Input	string	Specifies the path of the input data in Hadoop.
Output	string	Specifies the path of the output data.
Mapper	string	Specifies the path of the mapper program in Hadoop.
Reducer	string	Specifies the path of the reducer program in Hadoop.
The following four fields are displayed when the Streaming check box is cleared.
JarName	string	Specifies the name of the .jar file for Mapreduce to use.
ClassName	string	Specifies the name of the class for Mapreduce to use.
Libjars	string	Specifies the comma separated .jar file to be included in the classpath.
Files	string	Specifies the comma separated .jar files to be copied to the Mapreduce cluster.
StatusDirectory	string	Specifies the directory where the status of Mapreduce jobs are stored.
Arguments	string	Specifies the program arguments.
The following field is displayed when the Streaming check box is cleared.
Defines	string	Specifies the Hadoop configuration variables. A variable is associated with a name and a value.

Output

The output of the activity are as follows.
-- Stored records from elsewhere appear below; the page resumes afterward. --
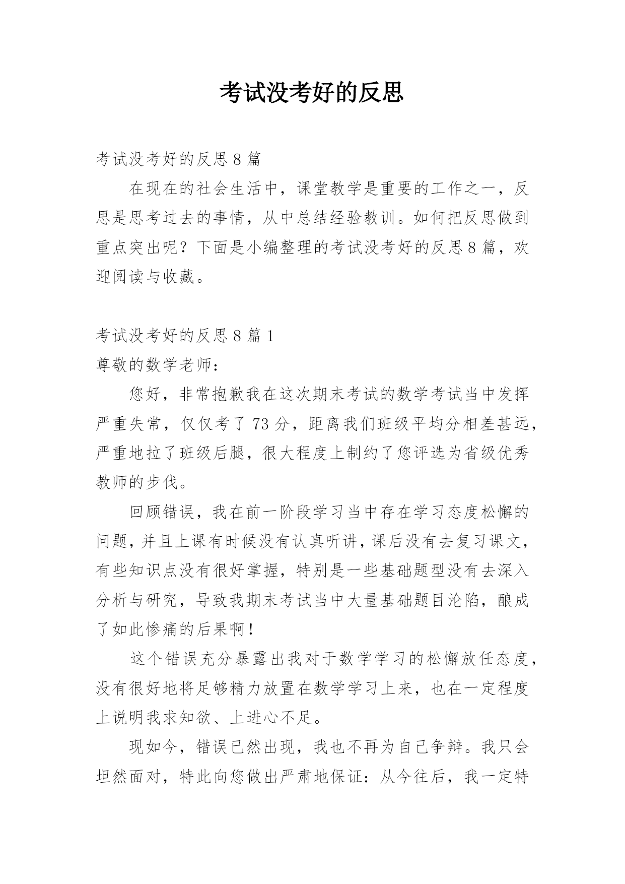考试没考好的反思考试没考好的反思8篇在现在的社会生活中,课堂教学是重要的工作之一,反思是思考过去的事情,从中总结经验教训。如何把反思做到重点突出呢?下面是小编整理的考试没考好的反思8篇,欢迎阅读与收藏。考试没考好的反思8篇1尊敬的数学老师:您好,非常抱歉我在这次期末考试的数学考试当中发挥严重失常,仅仅考了73分,距离我们班级平均分相差甚远,严重地拉了班级后腿,很大程度上制约了您评选为省级优秀教师的步伐。回顾错误,我在前一阶段学习当中存在学习态度松懈的问题,并且上课有时候没有认真听讲,课后没有去复习课文,有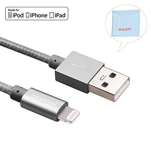 [Apple MFi Certified] Yellowknife 3ft Lightning Cable ,Nylon Braided Lightning to USB Cable Strong High Speed Charger Cord for iPhone 6 6s Plus 5s 5c 5, iPad Air,iPad Mini,iPad Pro,iPod Gray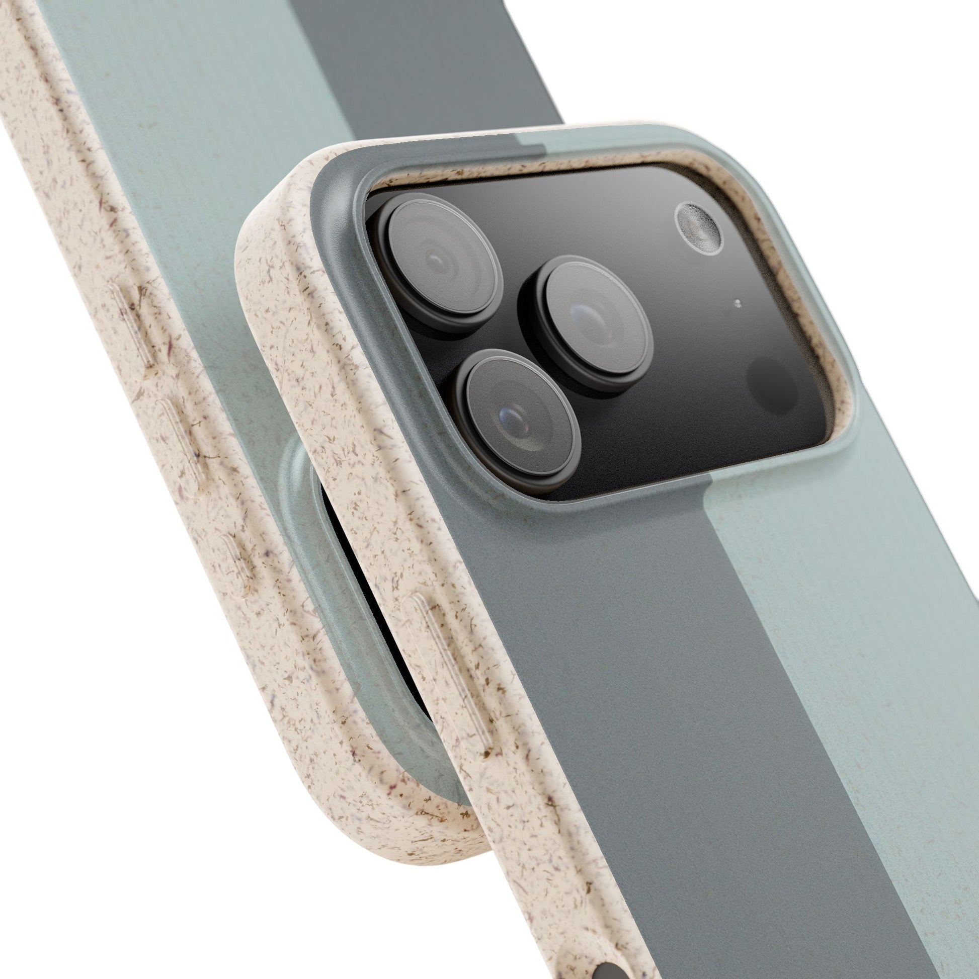 Arctic Line is an eco-friendly iPhone case inspired by Nordic minimalism and the quiet contrast of northern light. Cool grey and soft ice-blue are divided by a clean vertical line, creating a calm, architectural design that feels precise, balanced and timeless.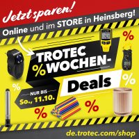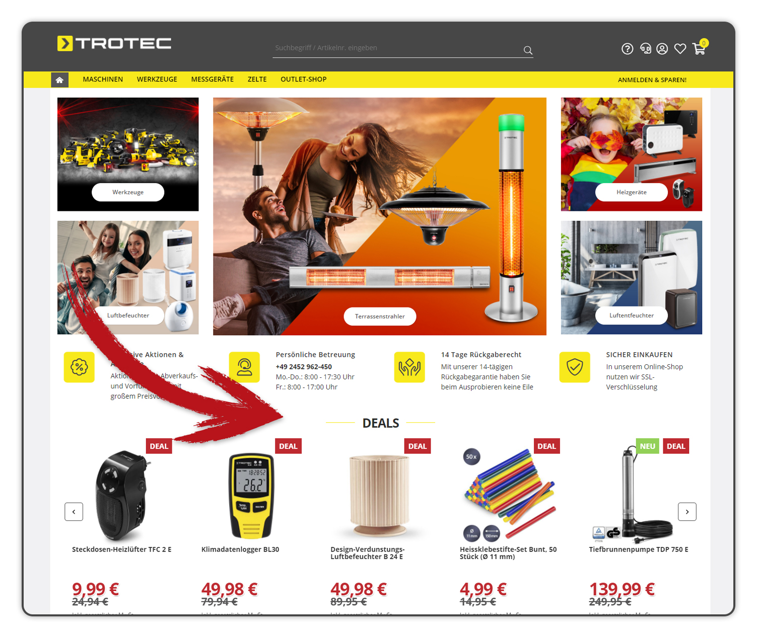 SO FINDEN SIE IHRE DEALS IM ONLINE-SHOP:Auf unserer Startseite im Online-Shop de.trotec.com/shop werden Ihnen alle „TOP DEALS“ angezeigt. Navigieren Sie einfach mit den Pfeilen nach „rechts“ und „links“ und Sie finden alle aktuellen Deals. |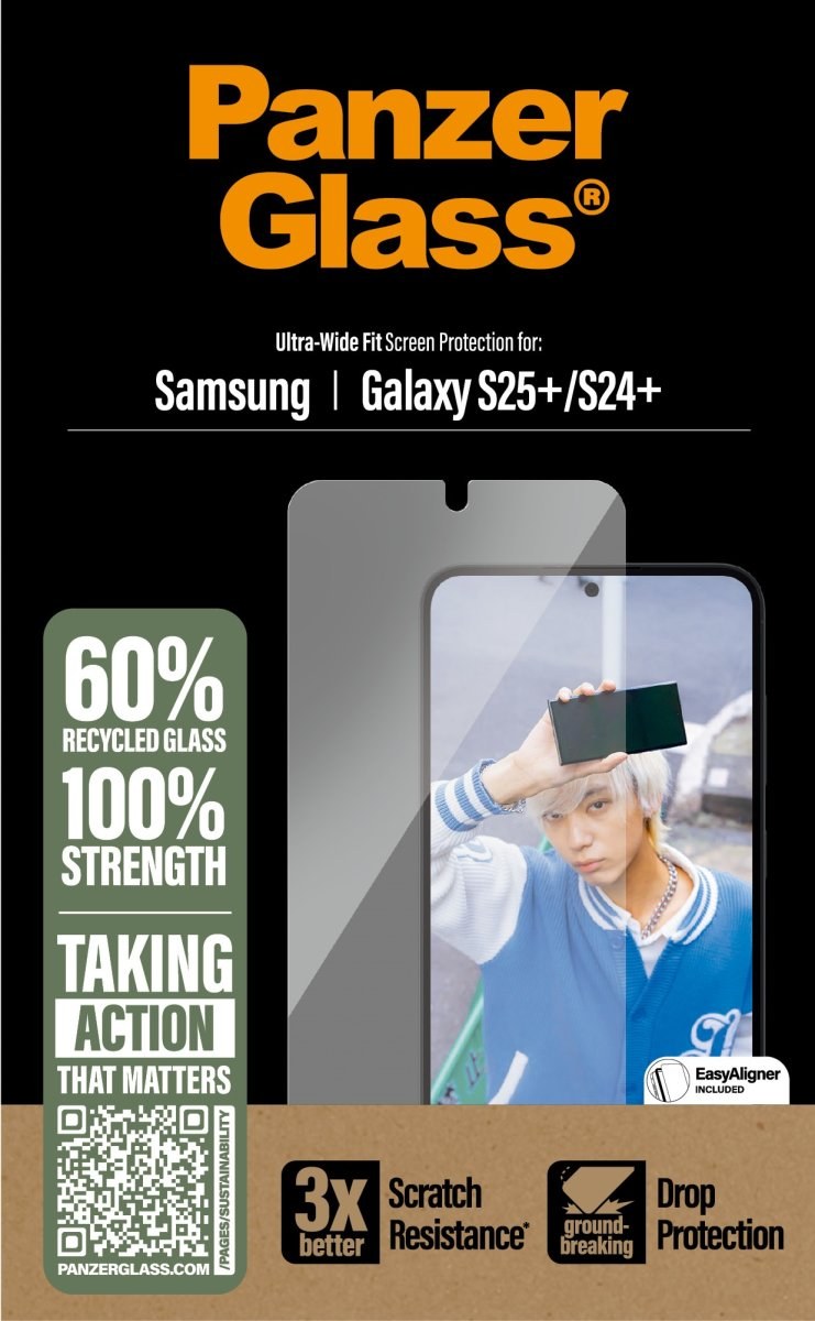 V balení každého ochranného skla PanzerGlass™ pre Samsung Galaxy S25+ nájdete praktický rámik EasyAligner, ktorý je vyrobený zo 100 % recyklovaného plastu. Práve vďaka nemu aplikujete sklo presne na stred displeja hneď na prvýkrát, aj keď ste to nikdy predtým nerobili.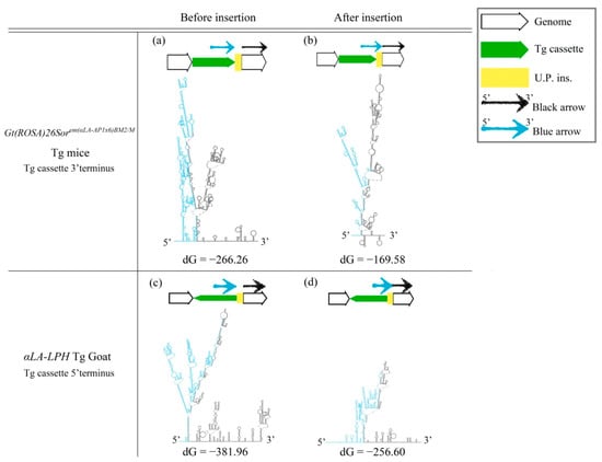 DsDNA stability improved after insertion. (a,c) Predictions of secondary structures and dG values of the mouse ROSA26 locus and αLA-LPH goat Tg locus without the insertion. (b,d) Predictions of secondary structures and dG values of the mouse ROSA26 locus and αLA-LPH goat Tg locus with the insertion. All sequences are provided in Table S1. Tg cassette, transgene cassette; U.P. Ins., unpredictable insertion. Blue arrow, blue sequences in secondary structures. Black arrow, black sequences in secondary structures. dG, Gibbs free energy.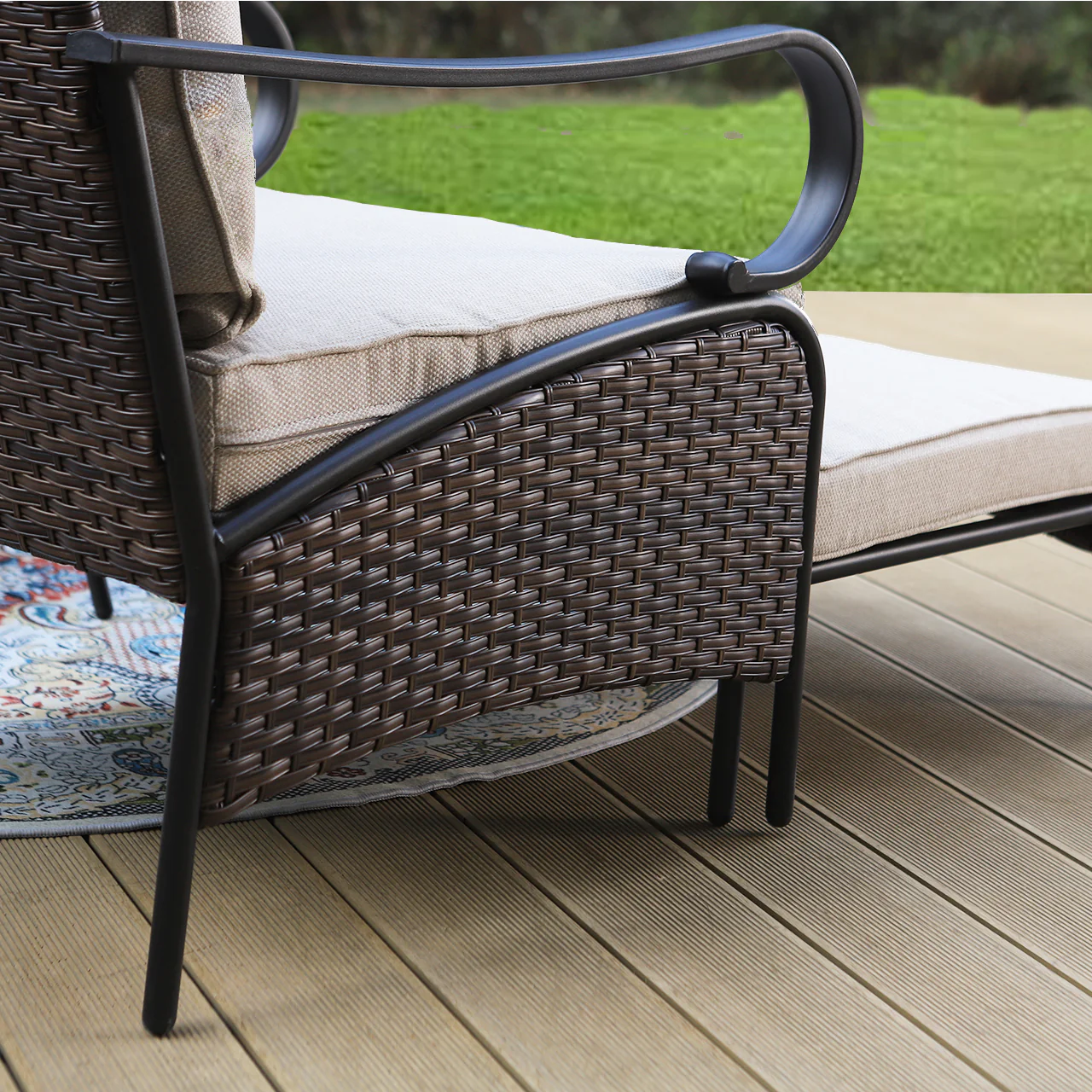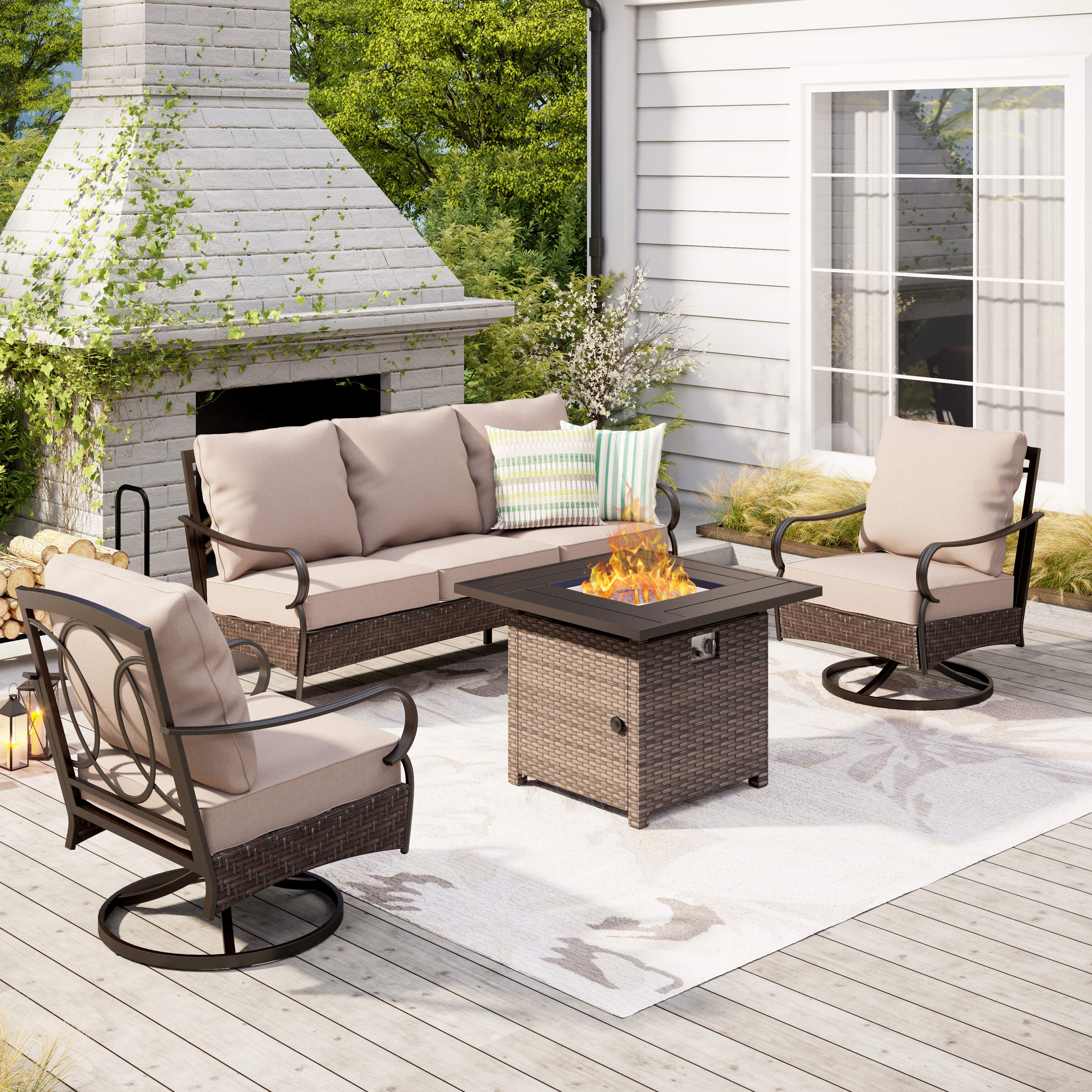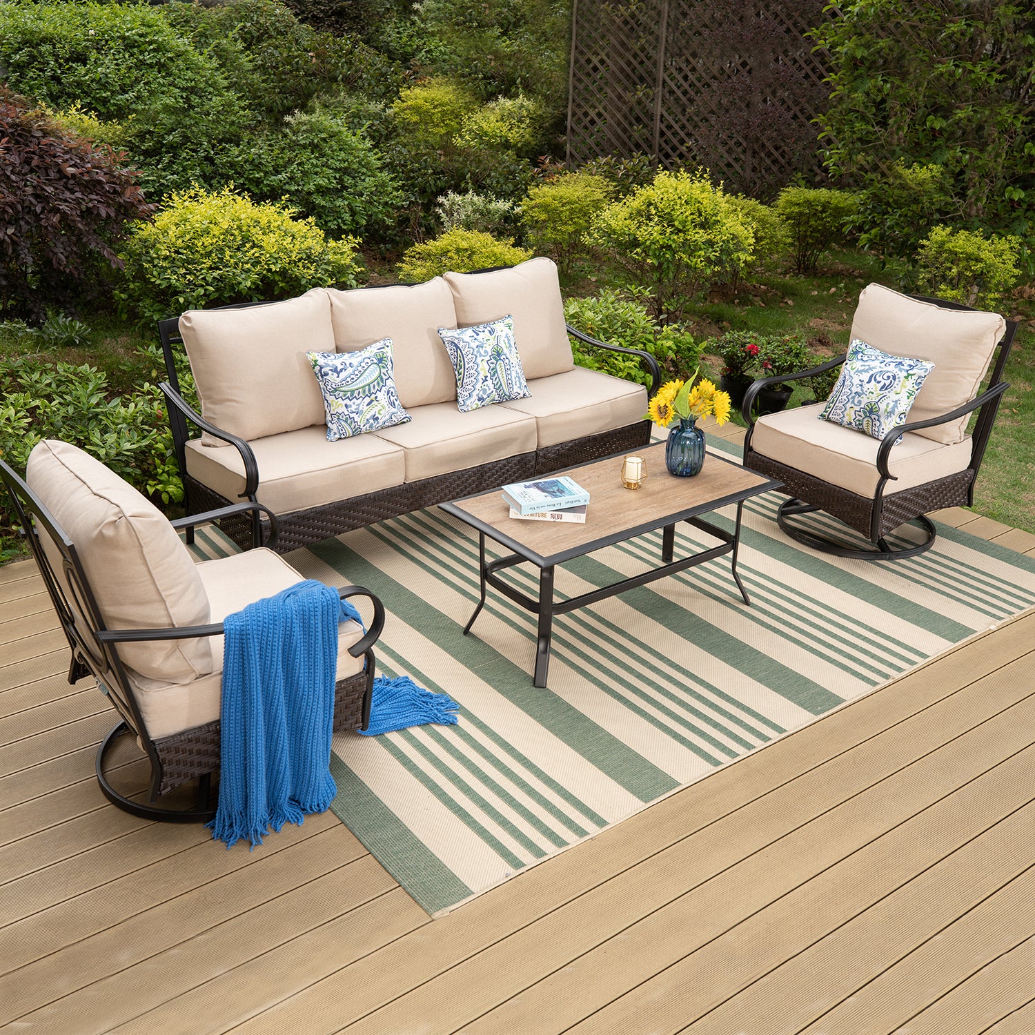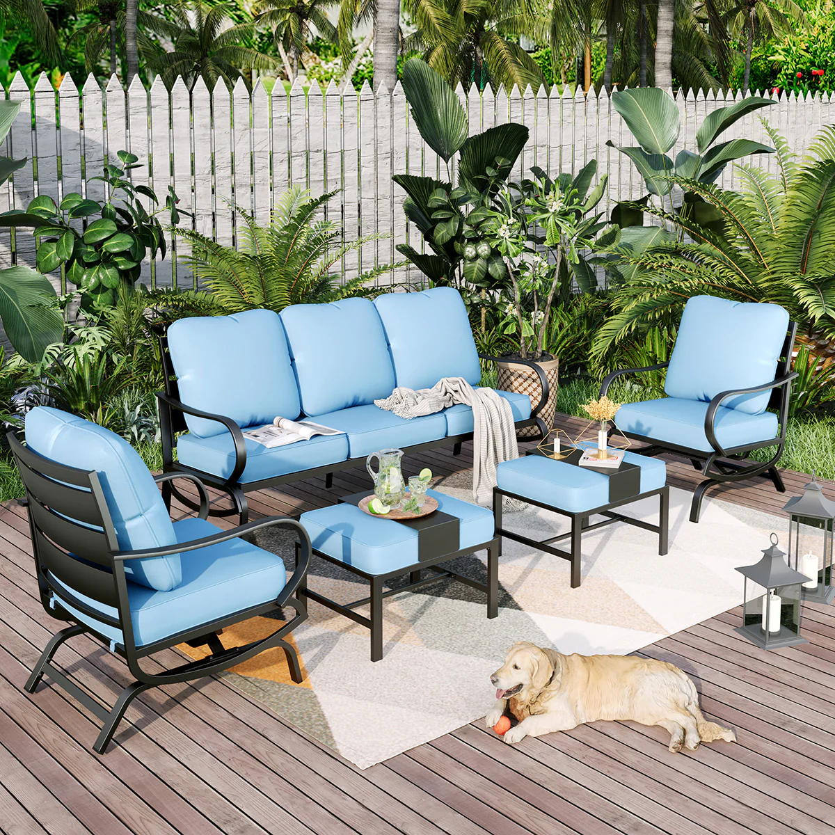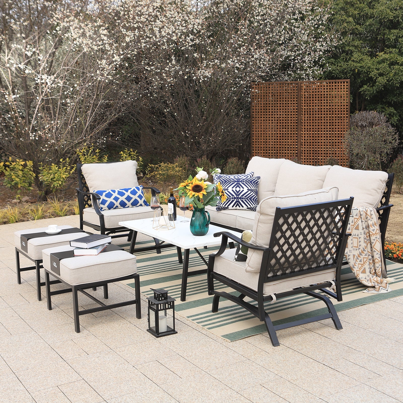 PHI VILLA 5-Seat Rattan-steel Luxury Padded Patio Conversation Set

Output Item	Data Type	Description
jobId	string	Returns the job ID of the Mapreduce operation. Note: You can use the WaitForJobCompletion activity to wait for the job to complete. The `exitValue` in the Output tab of the WaitForJobCompletion activity shows the exit value of Mapreduce execution.

Fault

The Fault tab lists the exceptions that can be thrown by this activity.

HadoopException	Description
msg	The error message description returned by the plug-in.
msgCode	The error code returned by the plug-in.